Compactions are normal HBase operations. You should expect them, and there is nothing to worry about when minor compactions are running. However, it is recommended to monitor the number of compactions. The compaction queue should not be constantly growing. Spikes are fine, but the key needs to stay close to zero most of the time. Constant compactions can be a sign of poor project design or a cluster sizing issue. We call constant compactions a situation where the compaction queue for a given RegionServer never goes down to zero or is constantly growing.
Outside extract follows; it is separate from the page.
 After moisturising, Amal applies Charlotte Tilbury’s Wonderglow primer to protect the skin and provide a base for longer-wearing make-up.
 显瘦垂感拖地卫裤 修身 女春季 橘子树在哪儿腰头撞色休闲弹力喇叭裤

Certain operations can timeout as a result of having too many regions. HBase commands like splits, flushes, bulkloads, and snapshots (when using flush) perform operations on each and every region. As an example, when the flush <table> command is called, HBase needs to store a single HFile into HDFS for each column family in each region of <table> where there are pending writes in the memstore. The more regions you have, the more files will be created in the filesystem. Because all of those new file creations and data transfers will occur at the same time, this can overwhelm the system and impact SLAs. If the time taken to complete the operation is greater than the configured timeout for your operation, you will start to see some timeout failures.
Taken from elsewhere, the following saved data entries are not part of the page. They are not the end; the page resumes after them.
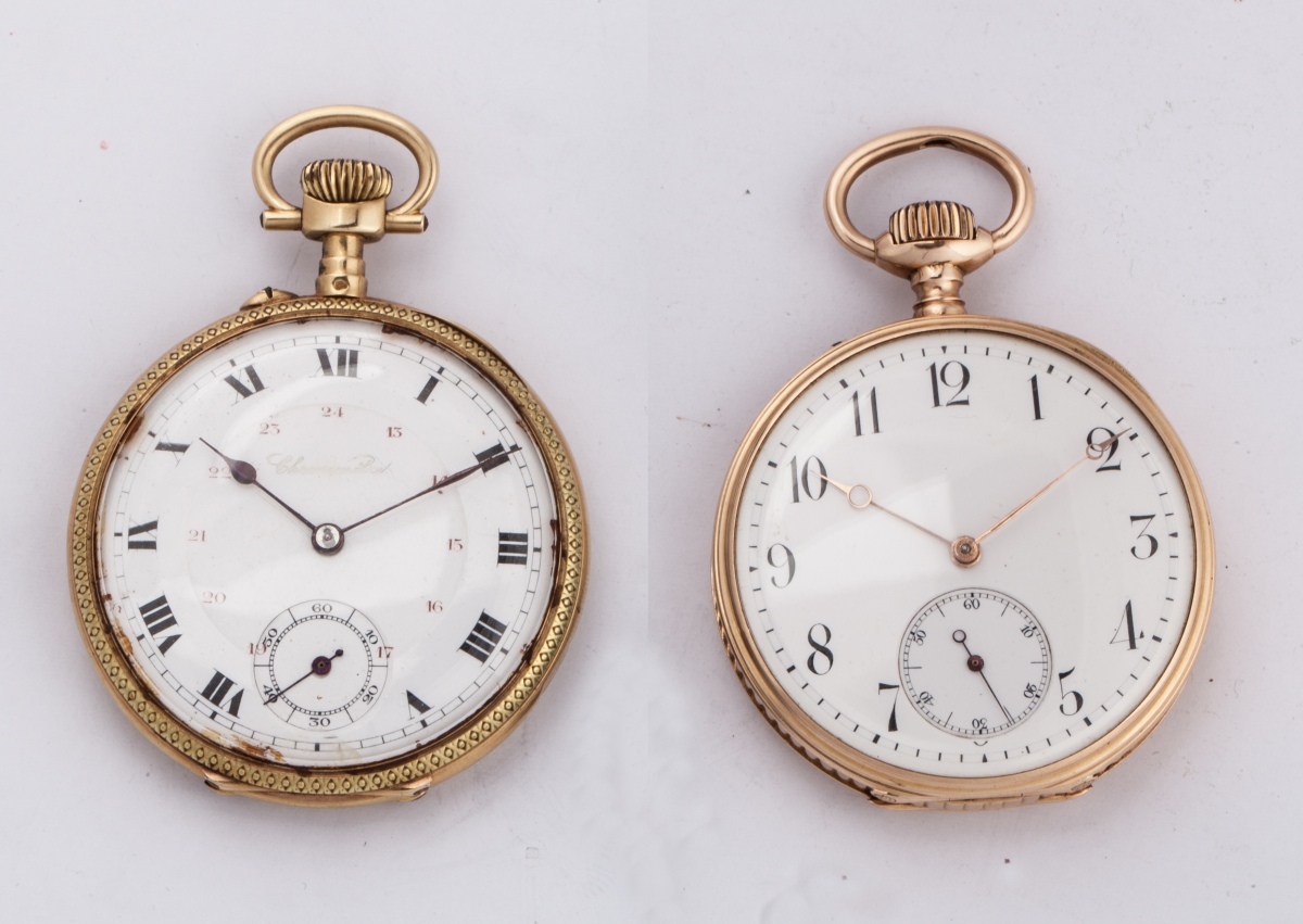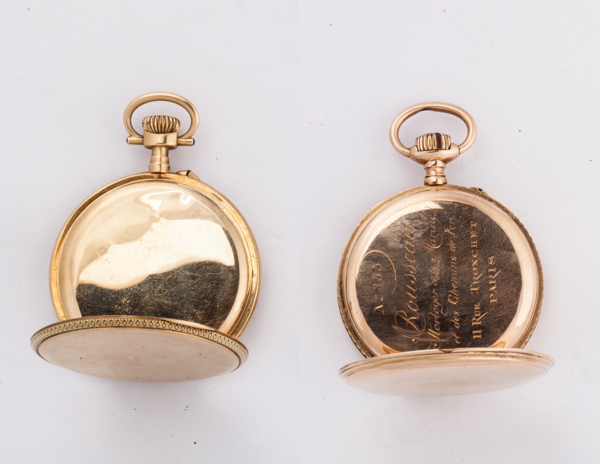 2 MONTRES de GOUSSET en or, à remontoir au pendant, le double cadran émaillé à fond blanc. L'une indique les heures en chiffres romains et les minutes en chiffres arabes. Le pourtour du cadran décorés de deux frises de losanges.
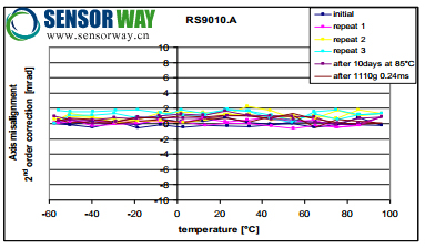 圖 5: 在整個(gè)溫度范圍的軸偏穩(wěn)定性(經(jīng)過2 階多項(xiàng)式校正之后), 沖擊和加速老化
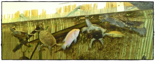 Unter Wasser leben auch einige Schwertträger, Salmler, Black Mollys, eine Schmerle und ein Wels.
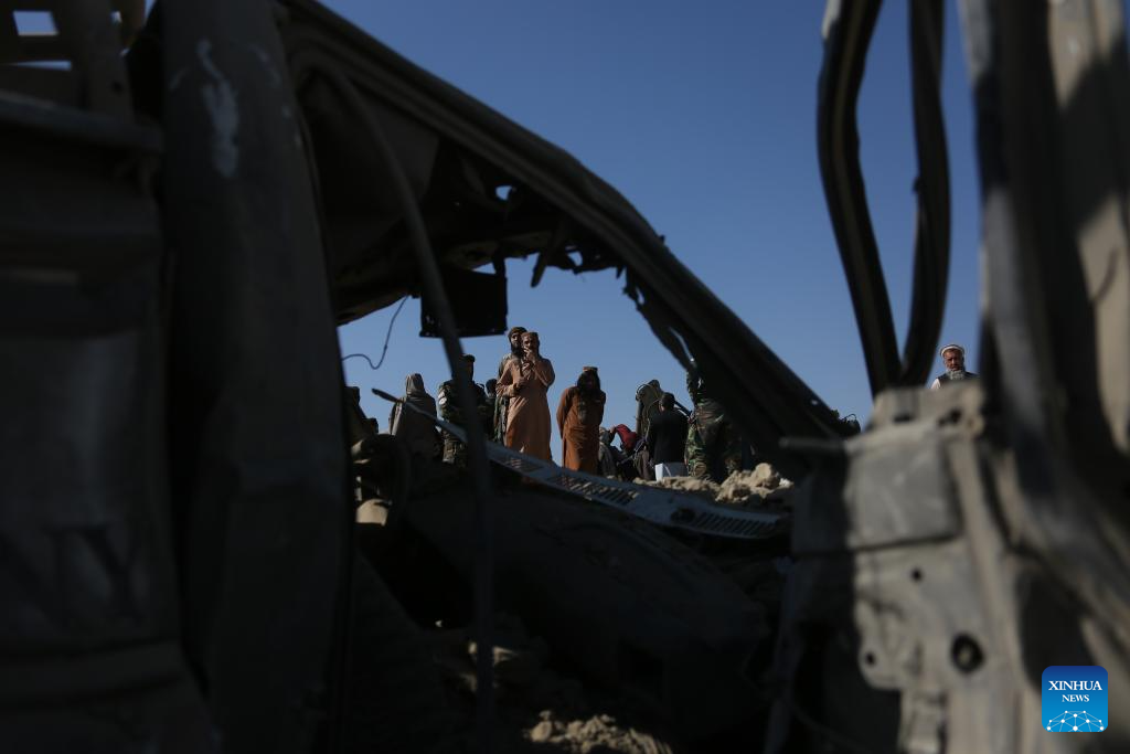 A damaged vehicle is pictured following an airstrike in Afghanistan's Nangarhar Province, on Feb. 22, 2026. Zabihullah Mujahid, spokesperson for the Afghan government, confirmed on X on Sunday that the Pakistani military had once again carried out airstrikes on border areas between Afghanistan and Pakistan, causing dozens of casualties. (Photo by Saifurahman Safi/Xinhua)
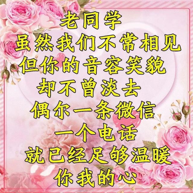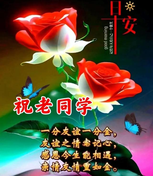 一个祝福,一个问候,一个关心,一个祝福,每天的问候不是一种方式,而是一种关心和关心。只有感恩才能得到,珍惜才会天长地久。祝大家天天开心!老同学,早上好!
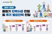 [ 포에버뉴스 사공선 기자 ] 한국고용정보원(원장 이창수)은 '중장기 인력수급 전망'을 통해 향후 10년간 우리나라 노동시장의 인력공급(경제활동인구)과 인력수요(취업자)가 구조적으로 전환되는 양상을 전망하고, 향후 지속적인 성장을 위해 추가로 필요한 인력을 추계했다. 1.중장기 인력수급 전망(2024~2034) 주요 전망 결과를 보면, 15세 이상 인구 증가 폭은 과거에 비해 크게 둔화되고, 경제활동인구는 2030년부터는 본격적인 감소세로 전환될 것으로 나타났다. 저출생·고령화의 영향으로 생산가능인구(15~64세)는 지속적으로 감소하는 반면, 65세 이상 고령층 비중은 2034년 31.7%까지 확대되면서 노동 공급의 구조적 제약이 본격화될 전망이다. 이로 인해 15세 이상 전체 경제활동참가율은 전망 전기(‘24~’29년)에 감소 전환하는 반면, 고령층과 여성의 경제활동참가율은 점진적으로 상승할 것으로 예상되어, 노동시장 내 고령화 심화와 인력 구성의 질적 변화가 동시에 진행될 것으로 보인다. 2024년~2034년까지 취업자 수는 6.4만 명 증가하겠으며, 노동공급 제약의 영향으로 2

Here is a quick summary of the problems you might encounter on your cluster as a result of having too many regions:

  • Snapshots timeout

  • Compaction storms

  • Client operations can timeout (like flush)

  • Bulk load timeouts (might be reported as RegionTooBusyException)

Causes

There are multiple root causes for having too many regions, ranging from misconfiguration to misoperation. These root causes will be discussed in greater detail in this section:

  • Maximum region size set too low

  • Configuration settings not updated following an HBase upgrade

  • Accidental configuration settings

  • Over-splitting

  • Improper presplitting

Misconfiguration

In previous HBase versions, 1 GB was the default recommendation for region size. HBase can now easily handle regions ranging in size from 10 to 40 GB, thanks to optimizations in HBase and ever-increasing default memory size in hardware. For more details on how to run HBase with more memory, refer to Chapter 17. When an older HBase cluster is migrated into a recent version (0.98 or greater), a common mistake is to retain previous configuration settings. As a result, HBase tries to keep regions under 1 GB when it will be better letting them grow up to 10 GB or more. Also, even if the cluster has not been migrated from an older version, the maximum region size configuration might have been mistakenly modified to a smaller value, resulting in too many regions.

Misoperation

There are also multiple manual operations that might cause HBase to have too many regions to serve.

Over-splitting

The first one is a misuse of the split feature. HBase’s “Table Details” Web UI allows administrators to split all the regions of a given table. HBase will split the regions even if they are small, as long as the amount of data in the region meets the minimum size required to qualify for manual splitting. This option can sometimes be very useful, but abusing it can easily create too many regions for a single table. Take as an example a 128 region table on a four-node cluster where each RegionServer hosts only 32 regions. This is a correct load for a cluster of that size. The use of the split option three times will create up to 1,024 regions, which represents 256 regions per server!

Improper presplitting

It is also possible to create too many regions when using the presplit HBase feature. Presplitting is very important to help spread the load across all the RegionServers in the cluster; however, it needs to be well thought out beforehand. There should be a fundamental understanding of row key design, HBase writes, and desired region count to correctly presplit a table. A poorly split table can result in many regions (hundreds or even thousands) with only a few of them being used.

Solution

Depending on the HBase version you use, there are different ways to address the issue of having too many regions. But in both scenarios, the final goal is to reduce the total number of regions by merging some of them together. What differs between the HBase versions is the ways to achieve this.

Before 0.98

Before version 0.98, there are two main options to merge regions together: copying the table to a new presplit table or merging regions. Before HBase 0.98, regions could be merged offline only.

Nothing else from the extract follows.